While my family was gone I went through my library list and looked at every book on every shelf (except the kid's books in their rooms...those are still to be done). I am the only person I know who keeps an inventory of my books. Lists make me happy and lists of books bring that happiness to a peak. I did the list 11 years ago, before we moved to Sweden, because the moving company insisted on a written inventory of EVERY SINGLE ITEM we owned for insurance purposes.

We had more than 2000 books then. We have more now. I say we, but I mean I. I have more now. Every time I buy a book I add it to the list. Okay, I confess, it's actually an Excel spreadsheet. I read so much and so fast that I can no longer remember every book I have or have read and must keep track so that I'm not constantly buying duplicates.

I can remember my first bookshelf. It was a little brown cabinet that my mom gave me. I think it held records before I inherited it. It was short and squat and dark brown with 2 doors and 2 really deep shelves. I filled it with books and I knew every one. A Wrinkle in Time, Turi's Poppa, Mandy, The Last of the Really Great Whangdoodles, The Little Broomstick, Lad: A Dog, Little Women, Heidi, James and the Giant Peach, Nancy Drew, all those lovely-smelling hardcovers with birthday and christmas notes written in the flyleafs, in my parents' handwriting, or my grandparents'.

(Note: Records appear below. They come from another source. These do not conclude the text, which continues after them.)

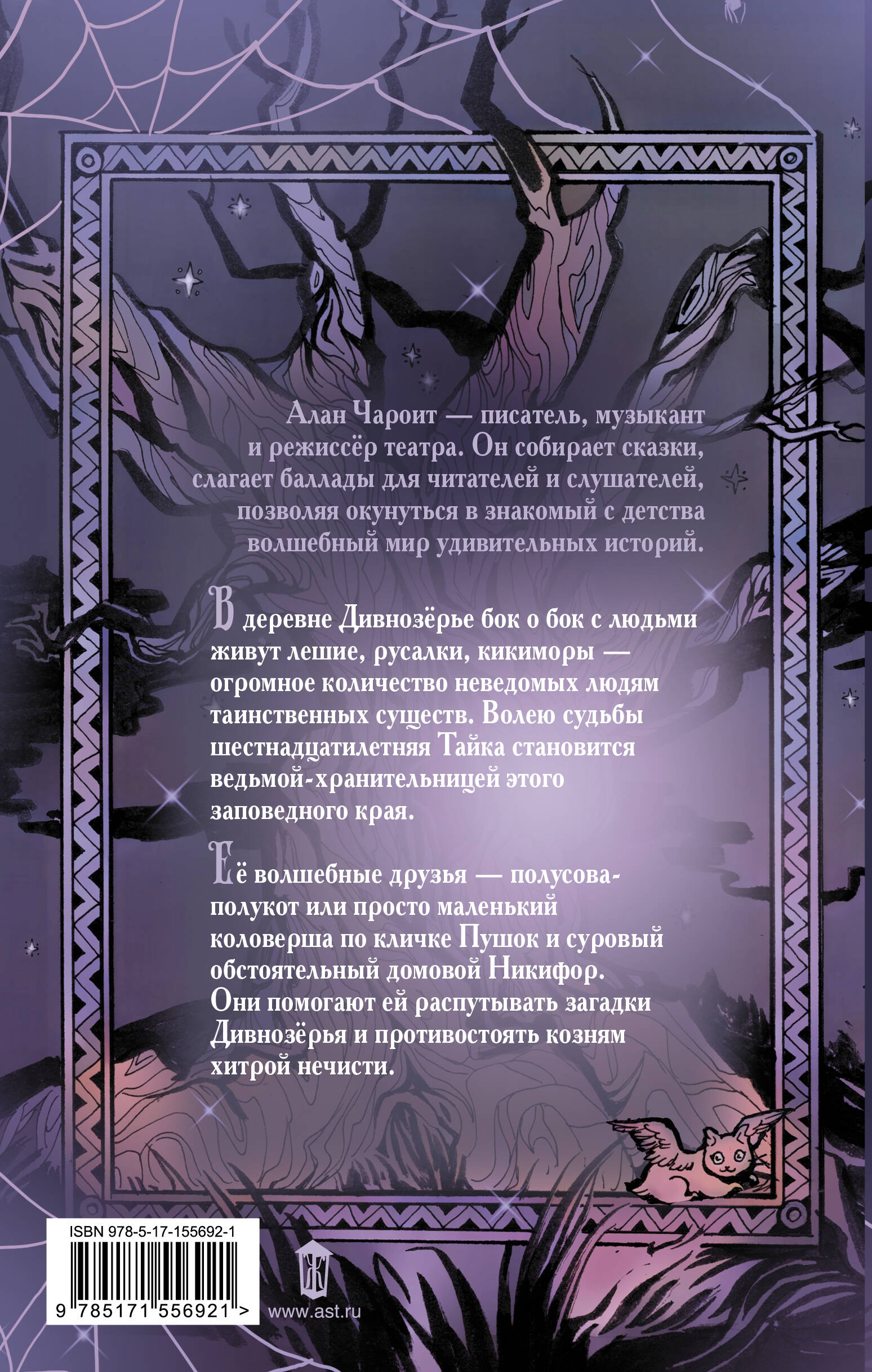 В деревне Дивнозёрье бок о бок с людьми живут лешие, русалки, кикиморы - огромное количество неведомых людям таинственных существ. Волею судьбы шестнадцатилетняя Тайка становится ведьмой-хранительницей этого заповедного края. Её волшебные друзья - полусова-полукот, или просто маленький коловерша, по кличке Пушок и суровый обстоятельный домовой Никифор. Они помогают ей распутывать загадки Дивнозёрья и противостоять козням хитрой нечисти.| Издательство | ИЗДАТЕЛЬСТВО "АСТ" |
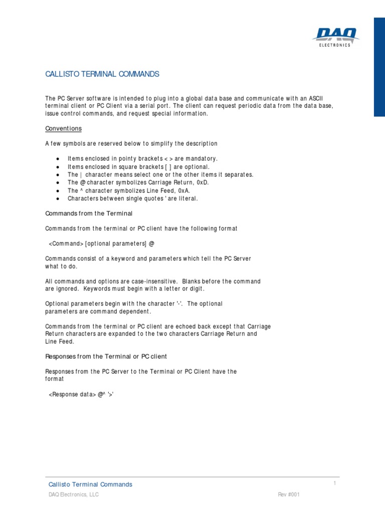 Listed below are the set of commands a PC client can issue to the PC Server.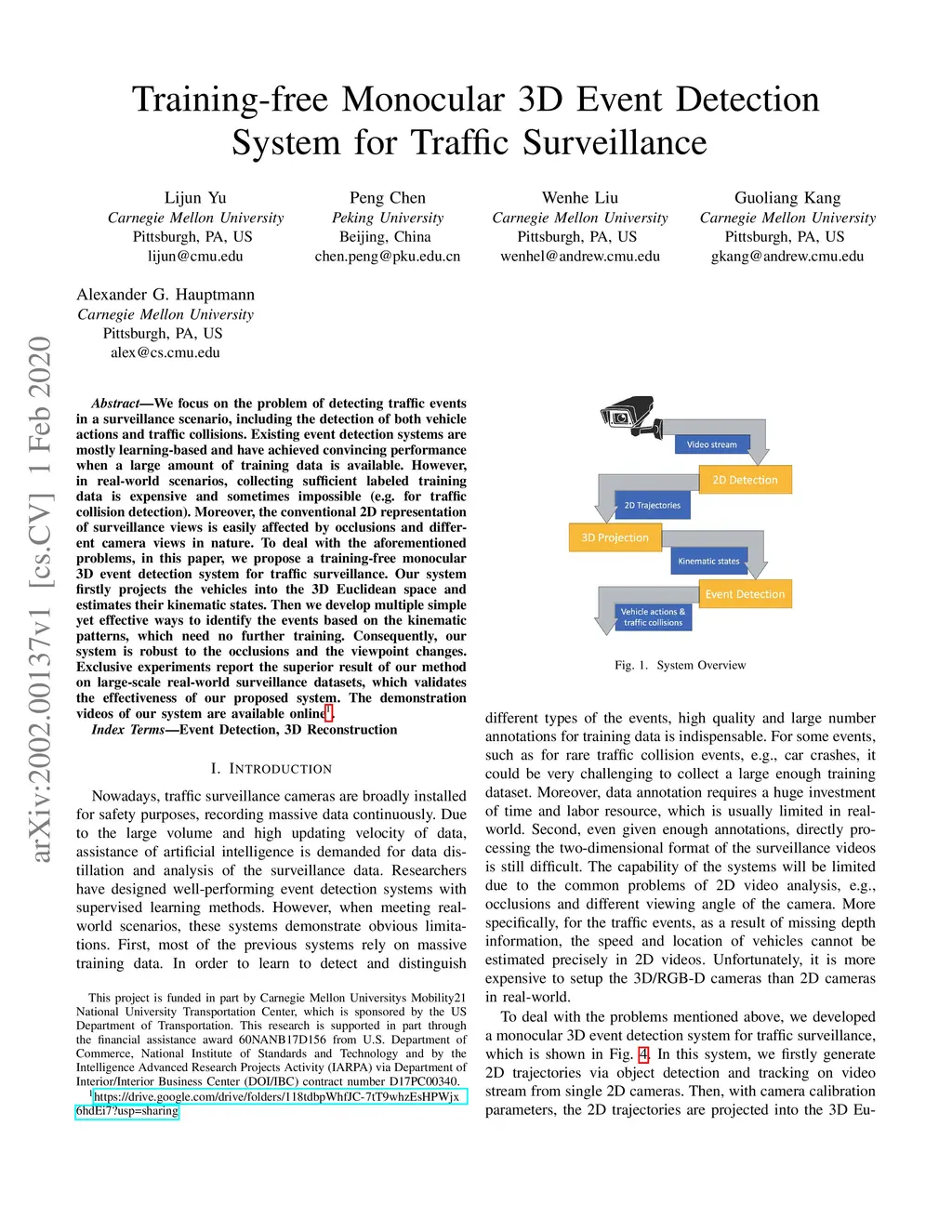 We focus on the problem of detecting traffic events in a surveillance scenario, including the detection of both vehicle actions and traffic collisions. Existing event detection systems are mostly learning-based and have achieved convincing performance when a large amount of training data is available. However, in real-world scenarios, collecting sufficient labeled training data is expensive and sometimes impossible (e.g. for traffic collision detection). Moreover, the conventional 2D representation of surveillance views is easily affected by occlusions and different camera views in nature. To deal with the aforementioned problems, in this paper, we propose a training-free monocular 3D event detection system for traffic surveillance. Our system firstly projects the vehicles into the 3D Euclidean space and estimates their kinematic states. Then we develop multiple simple yet effective ways to identify the events based on the kinematic patterns, which need no further training. Consequently, our system is robust to the occlusions and the viewpoint changes. Exclusive experiments report the superior result of our method on large-scale real-world surveillance datasets, which validates the effectiveness of our proposed system.

Later, when I was old enough to be spending my own allowance, I invariably spent it on books and I began adding paperbacks. I read them over and over and over. Some books I own have been read so many times that the titles on the spines are all but unreadable from being cracked in every possible place.

I don't keep every book I read, of course. If I did, the house would have been reduced to small pathways between towering piles of paperbacks long ago; the kids trapped in their rooms, the only available seating a reading chair with good light. Each time I finish a book now, it is kept or discarded on the basic criteria of the answer to the question: did I like it enough to read it again? If the answer is no, it goes in the bag for the annual AWC media sale. If the answer is yes, I must make space on the already over-crowded shelves, which have now begun to be two rows deep in places, despite my real strictness with myself and my periodic sweeps of purging.

I don't get panicky about many things but the idea that I might not get around to reading all the books I want to read makes my chest tighten. All the books on my list, all the books I haven't discovered yet, all the books my favorite authors have yet to write. And all the ones I loved and want to immerse myself in and visit with again.